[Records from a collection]
=-=-=
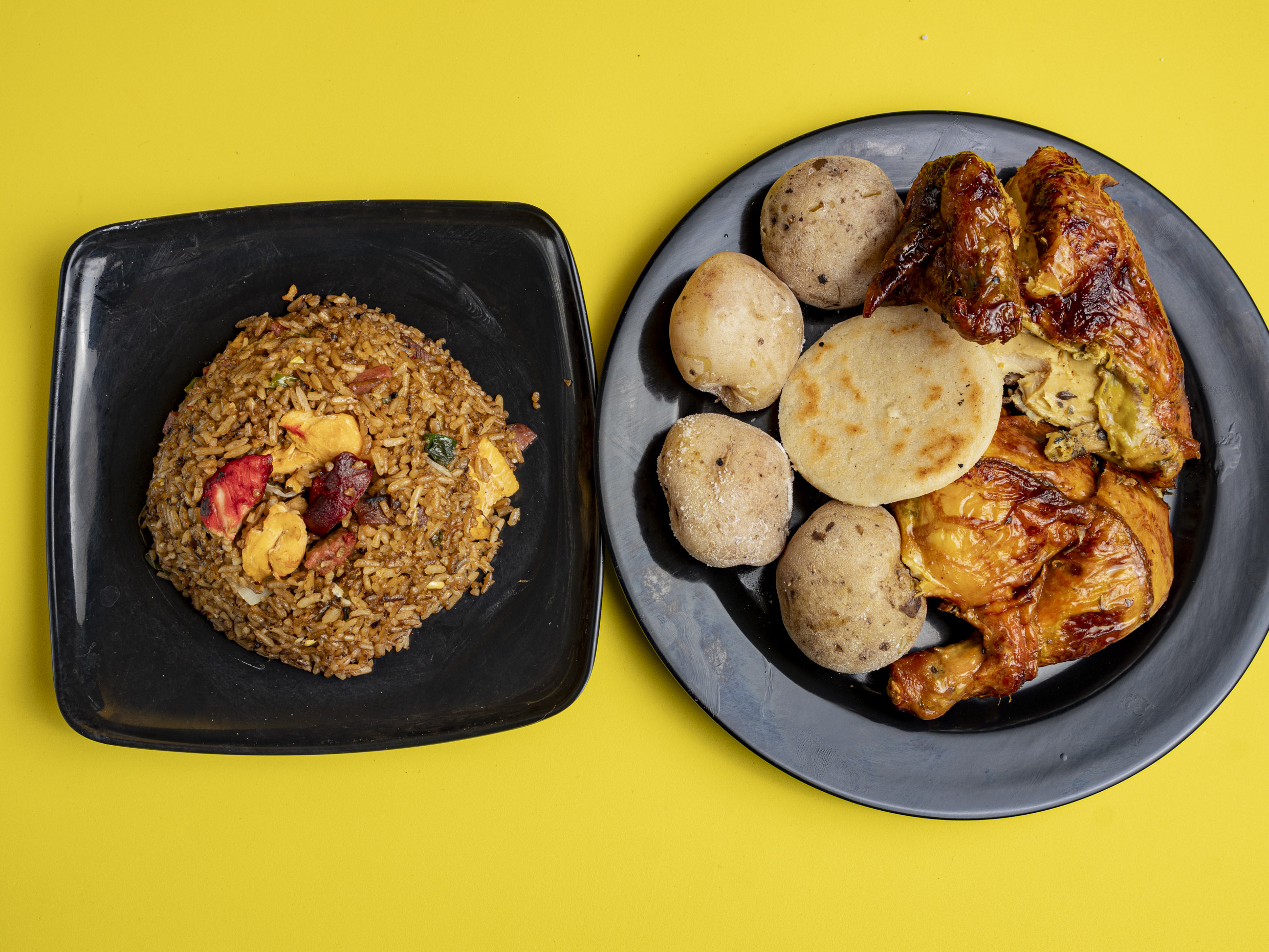 1 pollo asado al carbón, papa al vapor, arepa, sopa del día y 1 porción de arroz chino gratis
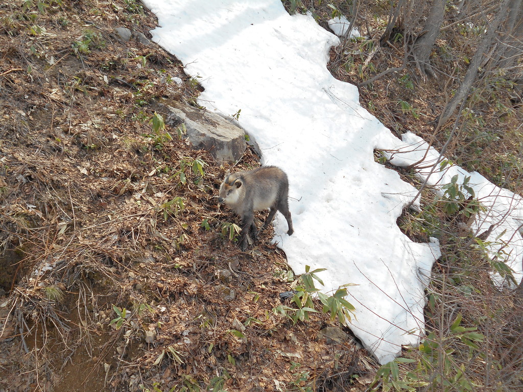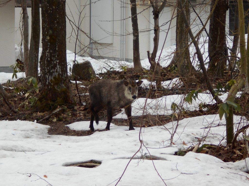 昨日庭に新緑の芽を食べにかもしかが来ていました!!!
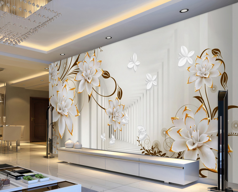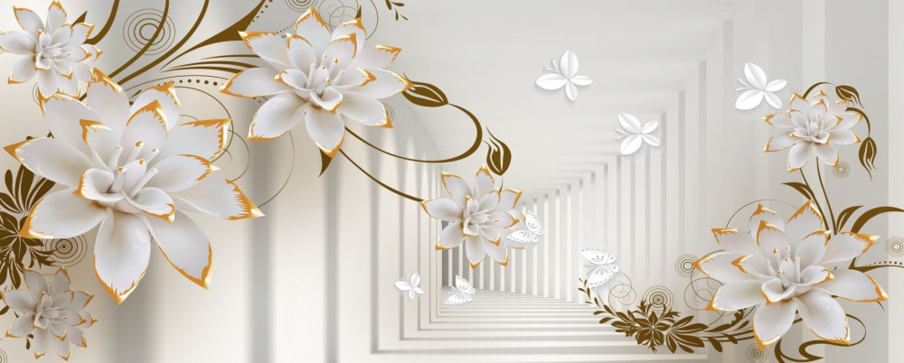 Tapeta Fototapeta tunel abstrakcji białego i złotego lotosu (artykuł a93546 ) z kategorii Fototapety 3D
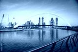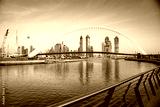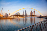 colorful sunset over Dubai Downtown skyscrapers and the newly built Tolerance bridge as viewed from the Dubai water canal
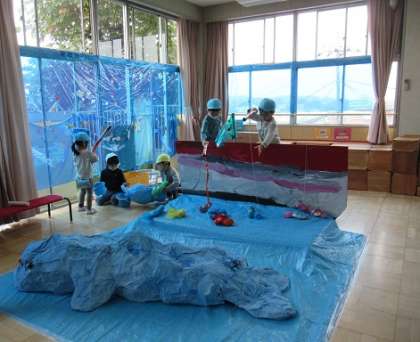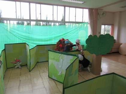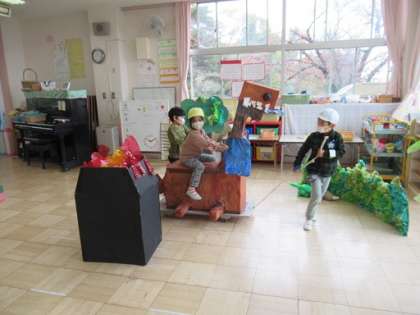 今日は、“わくわくドキドキきぬたランド”で、自分たちが遊んで試す日でした。保護者の方や年少組さんを招待する本番に向けて、係の仕事内容やどんな声掛けをお客さんにしたらよいか確認していました。
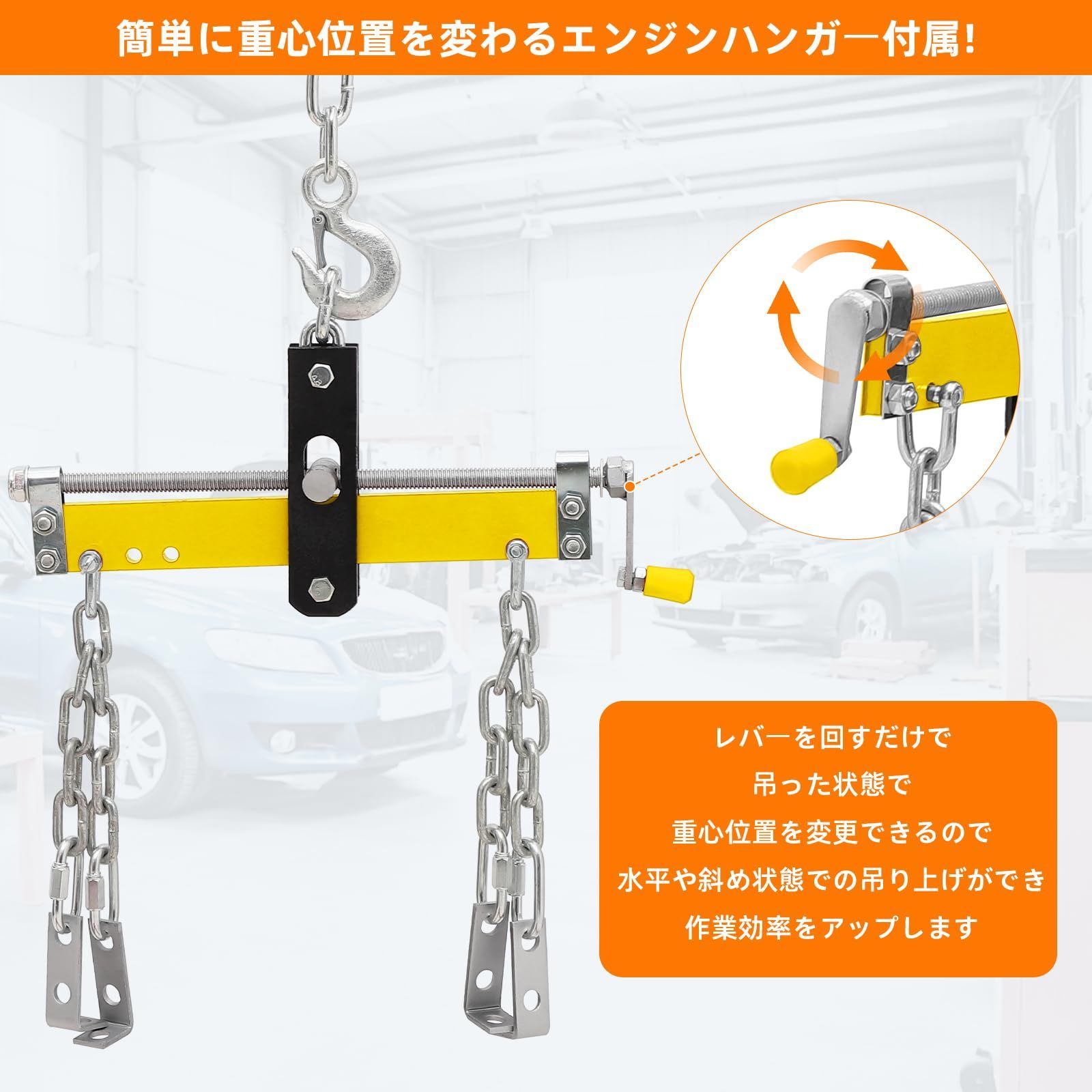 【幅広いシーンで活躍】重い荷物だけでなく/自動車も引き上げられます.家庭用にも工場用にも最適です.
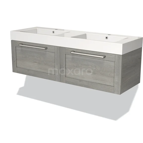 Modulo Waschtische | 140 cm Graue Eiche Rahmen front Mineralguss 2 nebeneinanderliegende Schubladen
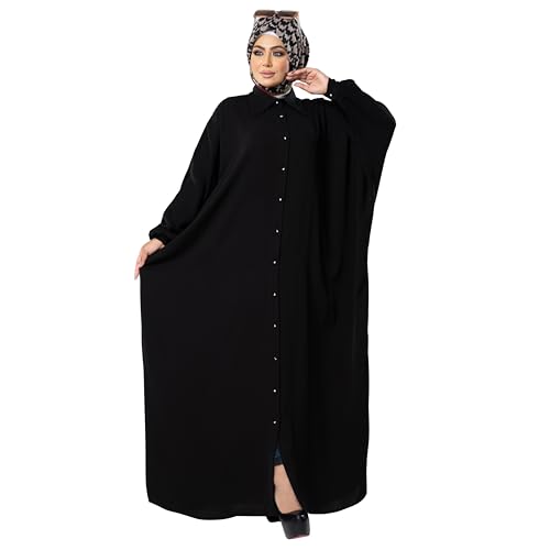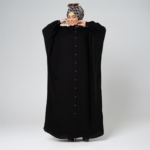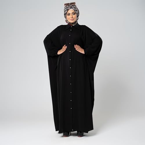 FOOBS - Shemiz Casual Abaya for Women Yara Black Material Soft Material High Quality Free Fits All Body - Modest and Stylish Design Perfect for Outing Travel Umrah Hajj, M
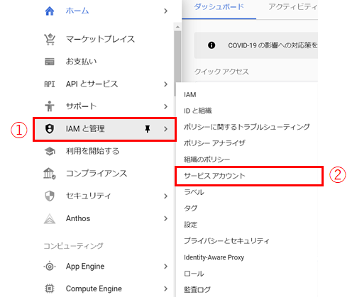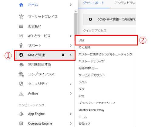 2. [IAMと管理] → [IAM ]の順にクリックします。
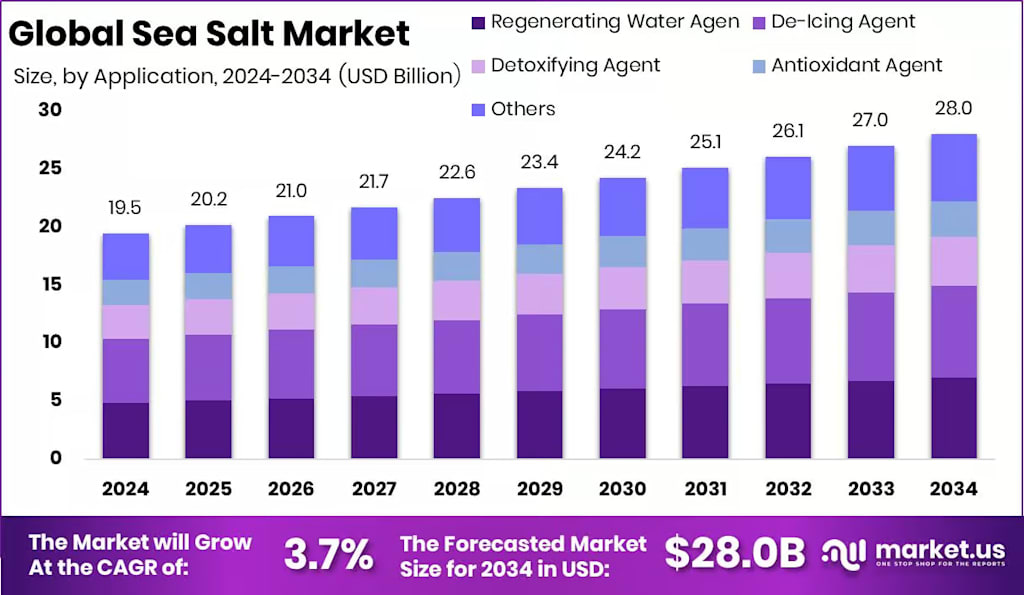 • The Global Sea Salt Market is expected to be worth around USD 28.0 billion by 2034, up from USD 19.5 billion in 2024, and is projected to grow at a CAGR of 3.7% from 2025 to 2034.
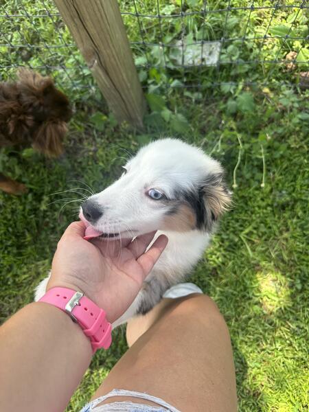 message momof3boys1girl09 about this ad Tramp is 19 weeks old and still available! He has one brown eye and one blue eye and is a Merle color. He is a bigger sized toy, more of a mini size. He will come: *Microchipped *All 4 puppy boosters & rabies vaccine *Started on Heart Guard Plus *Dewormed *Registered with ASDR *Genetic tested *Tail docked *Health Certificate from vet *Loved on and socialized *Around other dogs |
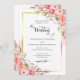 Elegant Pink Peach Floral Watercolor Wedding Gold Invitation
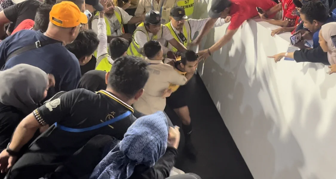 Ketegangan tidak hanya terjadi di area lapangan. Ruang transit yang seharusnya steril dari akses publik juga diterobos sejumlah orang yang melontarkan ancaman kepada perangkat pertandingan.
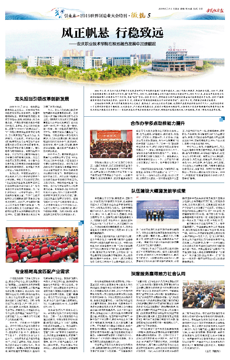 这些成绩的取得,离不开学院长期坚持立足地方、服务地方、融入地方的办学思路。从围绕产业设专业到校企合作育人才,从提供技能型人才支撑到推出技术创新服务,从服务企业、产业园区到直接与县、区政府开展全面战略合作,从推动成立安庆职教联盟到被市委市政府确定为安庆职教集团龙头单位……beat365体育官网平台在探索高职办学规律、创新高职发展实践之路上加速崛起,实现了特色化高质量发展。
=-=-=
*What is required*
Exactly as they appear, please return only the lines from the first line of the records through the line containing "FOOBS - Shemiz", both included, leaving out all pictures.

*Solution for this exercise*
 1 pollo asado al carbón, papa al vapor, arepa, sopa del día y 1 porción de arroz chino gratis
 昨日庭に新緑の芽を食べにかもしかが来ていました!!!
 Tapeta Fototapeta tunel abstrakcji białego i złotego lotosu (artykuł a93546 ) z kategorii Fototapety 3D
 colorful sunset over Dubai Downtown skyscrapers and the newly built Tolerance bridge as viewed from the Dubai water canal
 今日は、“わくわくドキドキきぬたランド”で、自分たちが遊んで試す日でした。保護者の方や年少組さんを招待する本番に向けて、係の仕事内容やどんな声掛けをお客さんにしたらよいか確認していました。
 【幅広いシーンで活躍】重い荷物だけでなく/自動車も引き上げられます.家庭用にも工場用にも最適です.
 Modulo Waschtische | 140 cm Graue Eiche Rahmen front Mineralguss 2 nebeneinanderliegende Schubladen
 FOOBS - Shemiz Casual Abaya for Women Yara Black Material Soft Material High Quality Free Fits All Body - Modest and Stylish Design Perfect for Outing Travel Umrah Hajj, M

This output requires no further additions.